A popular narrative (see also: crutch) in football is to build up the mythos of a team’s starting quarterback. It’s a trope that cost the Seahawks back-to-back Super Bowls and it’s something that we’re seeing again as the Jacksonville Jaguars march onto the AFC Championship Game.

Before we get into this, all credit is due to the Jaguars. No one saw the team doing much before the season and now they’re just 60-minutes away from the franchise’s first-ever Super Bowl berth.

Do not buy Blake Bortles stock, no matter how hard the sports stock brokers on television try to sell it to you.

Please don’t get it twisted. Jaguars fans should be elated that the team is in the AFC Championship game, and there’s more than an outside shot the team can upset New England. None of the reasons Jacksonville can win in Foxboro next Sunday involve Blake Bortles; considering he probably played his way into being the franchise quarterback of the future, that’s a problem.

Bortles finished with over 200 yards passing but like most of his stats this year that’s a padded number. It wasn’t until just past the 12-minute mark in the fourth quarter that Bortles eclipsed the 100-yard mark, and chased that with two huge passes that padded his final total.

Leonard Fournette, on the other hand, scored three of Jacksonville’s touchdowns and went well over 100-yards on the ground. Unlike Bortles, the numbers that Fournette put up propped up the offense’s impressive 42-point performance. When it came to extending drives, more often than not Fournette was leaned on and he came through in a big way. The biggest mistake Jacksonville can make is leaning into the franchise quarterback narrative and building its offense around Bortles instead of Fournette (or, ideally, a franchise quarterback not on the roster yet).

The problem with Jacksonville is Bortles — who is not good. He’s Mark Sanchez, expect he’ll end up making more money and probably be a starter longer. Sanchez took the New York Jets to back-to-back AFC Championship games, including a playoff run where Tom Brady and the Patriots were surprising victims. He’s also responsible for the ‘Butt Fumble’; no one is mistaking him for a franchise quarterback.

Bortles’ rise this postseason mirrors Sanchez’s, and it should alarm Jaguars fans looking to the future. The stats are there for Bortles in the same way that a kid who is tardy for class manages to slip in before the teacher notices he’s not there. He puts up the yardage but in the meantime makes throws that boggle the mind.
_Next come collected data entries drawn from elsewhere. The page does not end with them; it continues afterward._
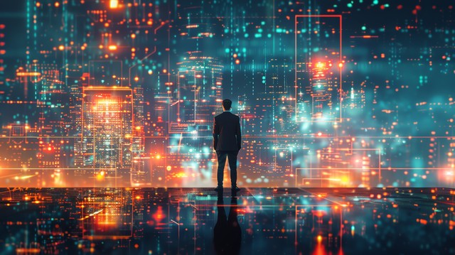 商人站在充满未来网络技术的城市环境中,周围是高科技建筑和数字信息流,
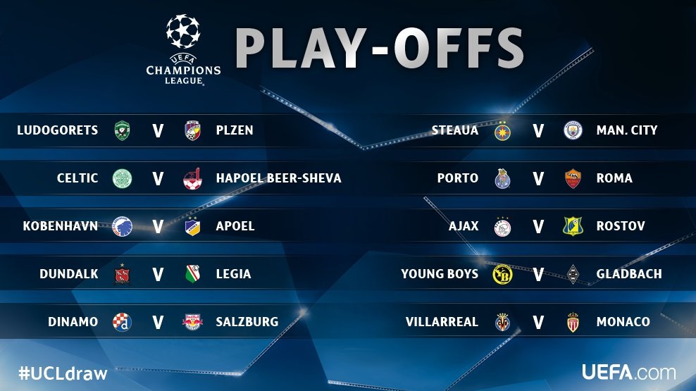 UEFA Şampiyonlar Ligi'nde gruplardan önce son ayak olan Play-Off turunda eşleşmeler belli oldu.
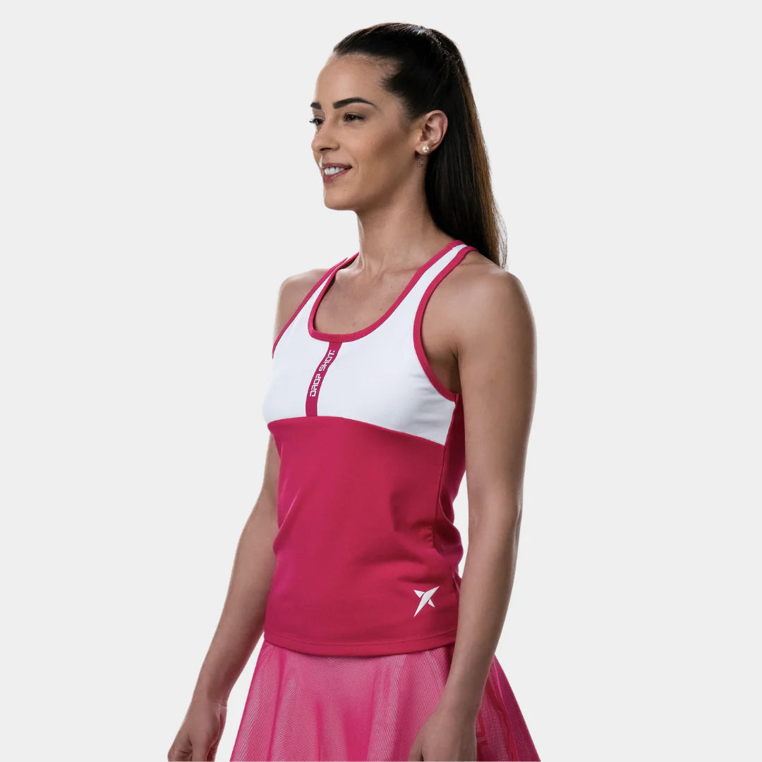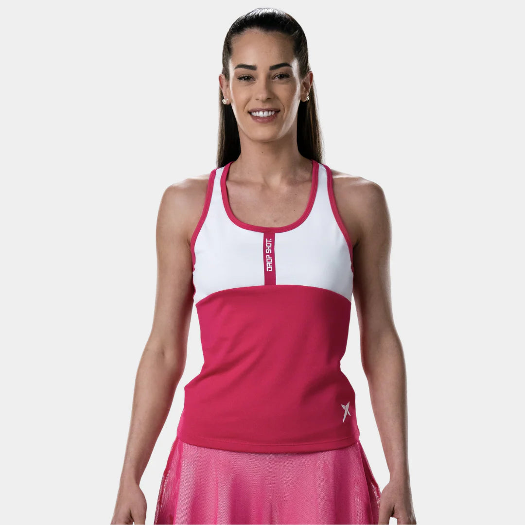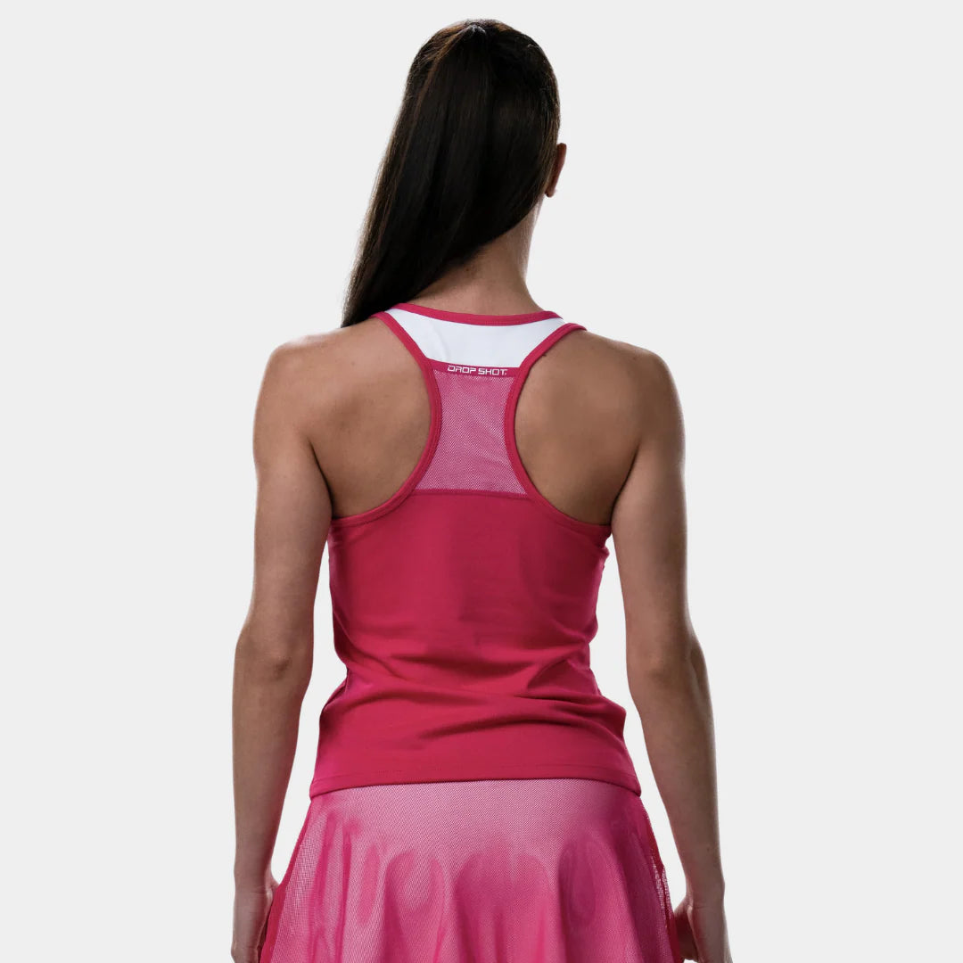La camiseta de tirantes Drop Shot Azalea es una de las más vendidas de la temporada. Su diseño en tonos rosas se ha convertido en tendencia estrella de la primavera-verano entre los jugadores de pádel.
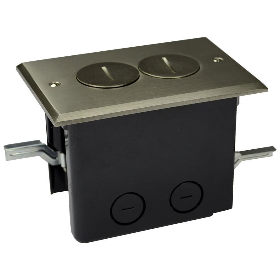 Allied Moulded FB-2N Duplex Floor Box Assembly With Nickel Plated Brass Cover, Polycarbonate, 24.5 cu-in Capacity, 1 Gangs, 2 Outlets, 4 Knockouts, 4.31 in H x 2.5 in W x 3.5 in D
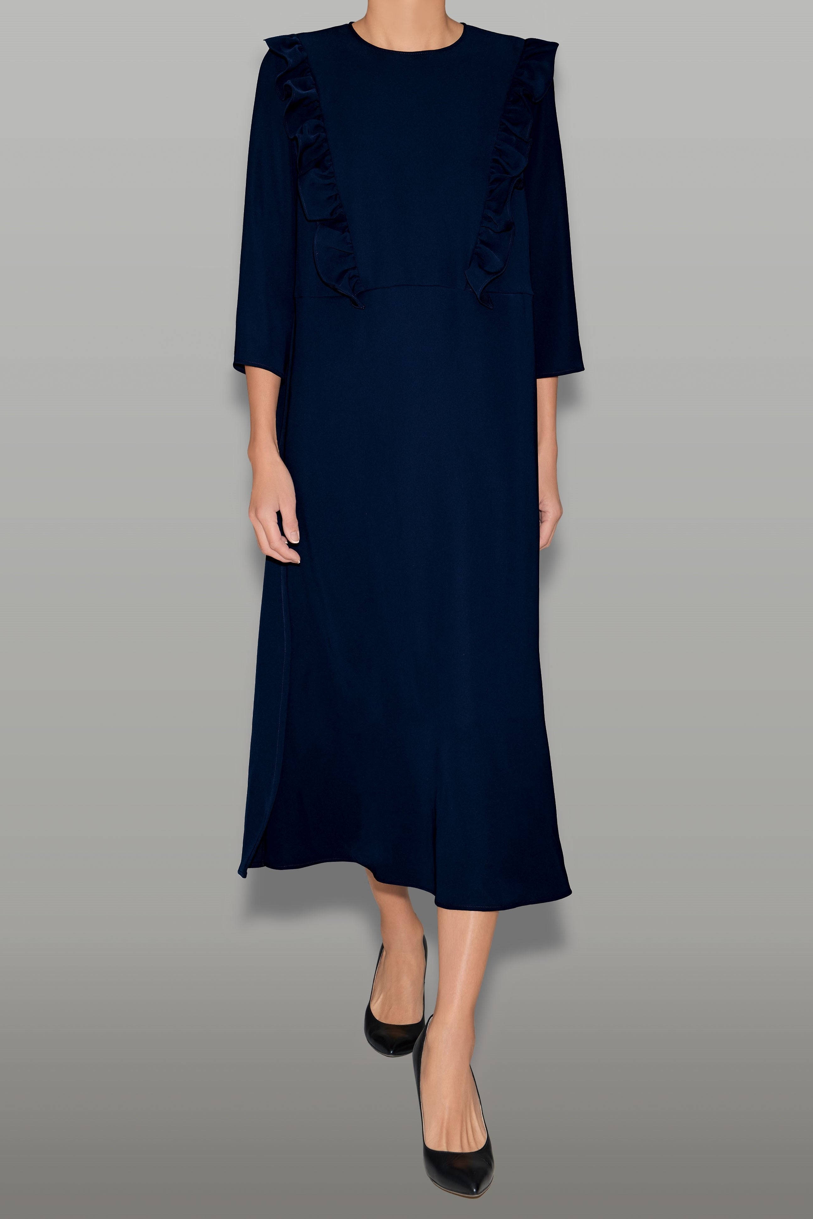 クラシカルな印象の中にフェミニンなディテールを取り入れたロングスリーブドレス。肩からウエストにかけて施された縦ラインのフリルが、自然な立体感と華やかさをプラス。やや広がりのあるAラインシルエットが体のラインを拾いすぎず、上品でリラクシーな着心地を実現。七分袖デザインでシーズンを問わず着用でき、フォーマルにもデイリーにも活躍する一着。

He misses wide open receivers, air mails throws, and makes decisions that should give Jags fans cold sweats.

In his first Conference Championship game, Sanchez threw for nearly 300-yards and a pair of touchdowns. In his second, he totaled less than 200 and it was all downhill from there. None of this is to rag on Jaguars fans, rather it’s a cautionary tale that buying Borltes future stock is a risky proposition at best, no matter what snake oil sales pitch has been delivered this postseason.

Borltes Apologists will point to his passer rating (which was less than Roethlisberger) and his lack of interceptions. Jacksonville scored 42-points on six touchdowns on Sunday. Bortles contributed one of those and completed less than half his passes.
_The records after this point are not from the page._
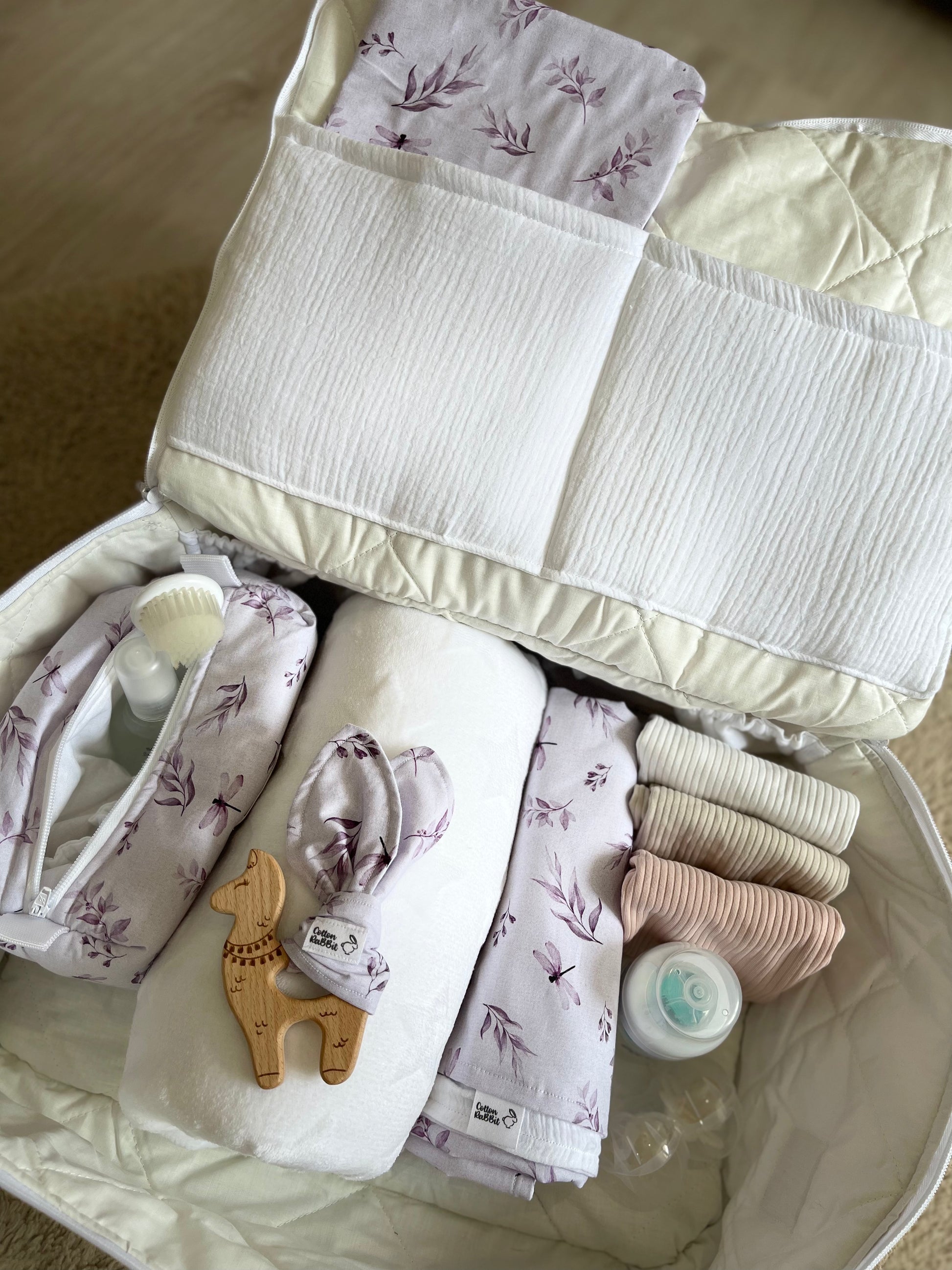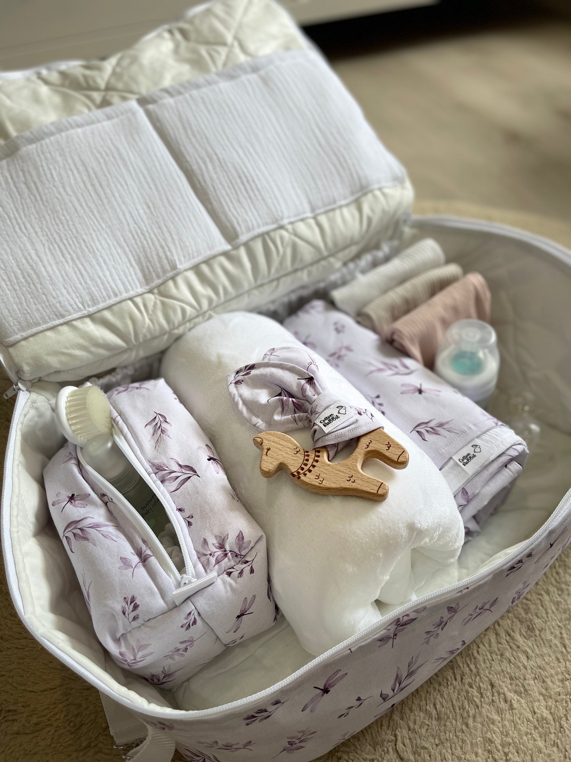 Es ideal como maleta de hospital, así como maleta de viaje para el bebé. Puedes encontrar el porta documentos y el neceser compañero.
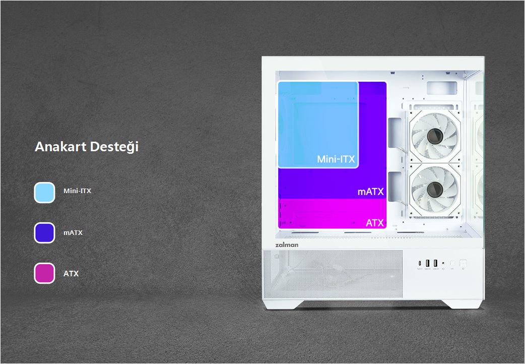ZALMAN CHRONIX V2 ATX MID TOWER SIYAH KASA 1 X USB 2.0, 1 X USB 3.0, 1 X USB Type-C (5 Gbps),
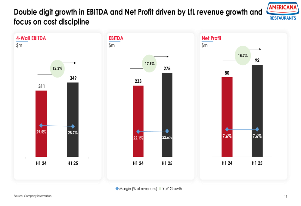 Americana’s 15.6% revenue growth was fueled by robust like-for-like sales growth of 12.4% and contributions from new store openings. The company’s EBITDA increased by 17.9% to $274.9 million, while net profit rose by 15.7% to $92.5 million, indicating improved operational efficiency.
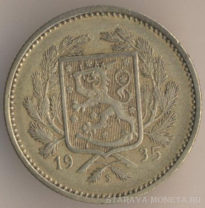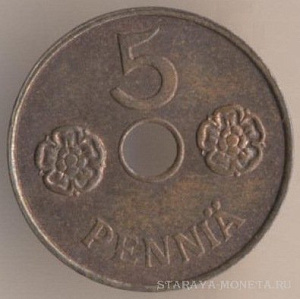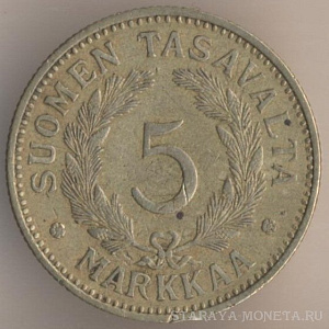 5 марок 1935 года, алюминиево-бронзовый сплав, масса - 4,5 грамма, диаметр - 23 мм, толщина - 1,7 мм, тираж - 436000 экземпляров. Гравёр: Исак Густав Санделл. Чеканились в 1928-33, 1935-42 и 1946 годах.
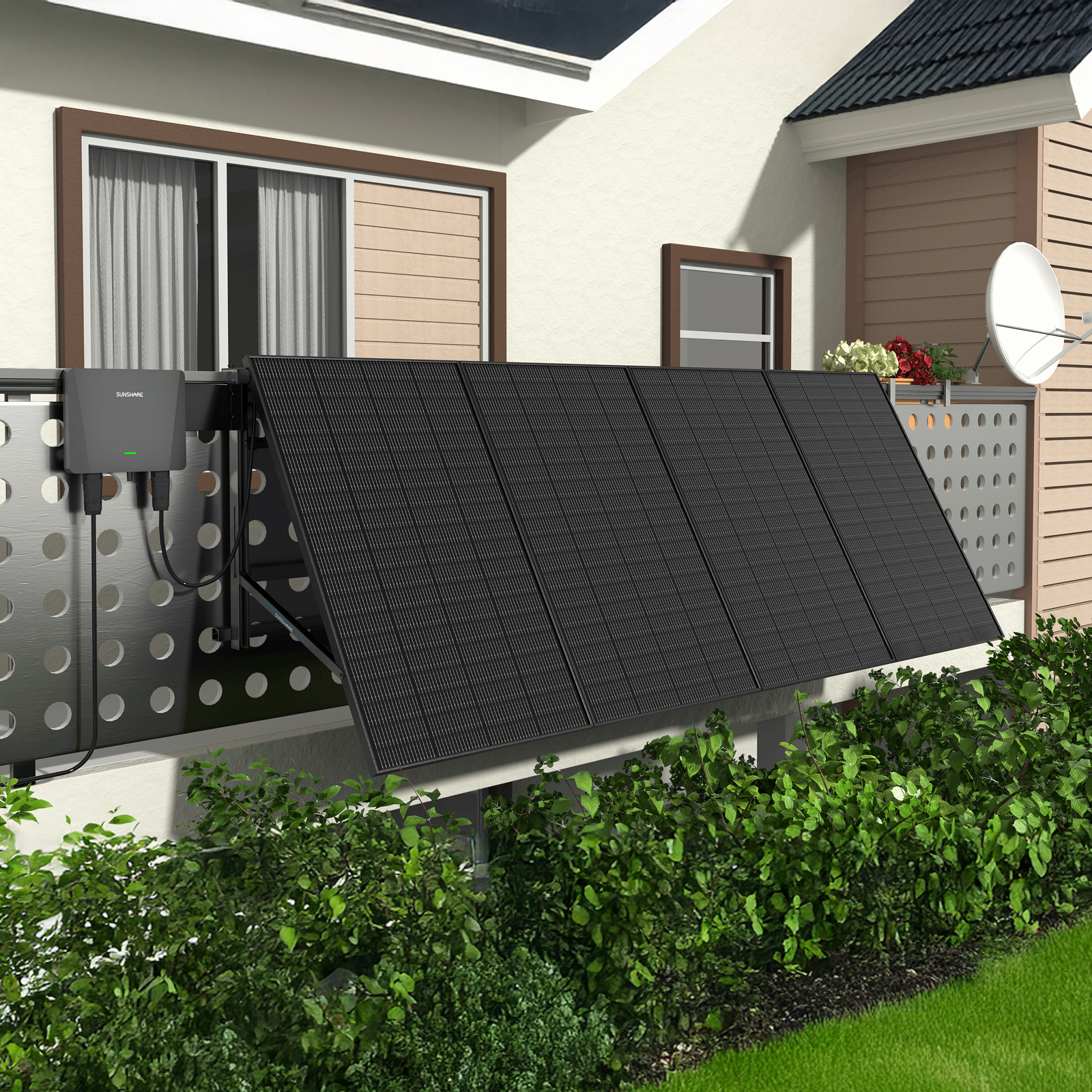 ・Schnelle Montage: Mit mitgeliefertem Gestell für Balkon, Flachdach oder Garten.

All of the credit for the Jaguars win on Sunday belongs to Fournette and the defense. That’s been the story all year long, and it’s as true as ever in the Jaguars biggest game of the season. Between the two, 28-points were produced, and every point mattered. Don’t buy into the idea that one of the best wins in franchise history had anything to do with Bortles — just ask Jets fans how that mirage ends up.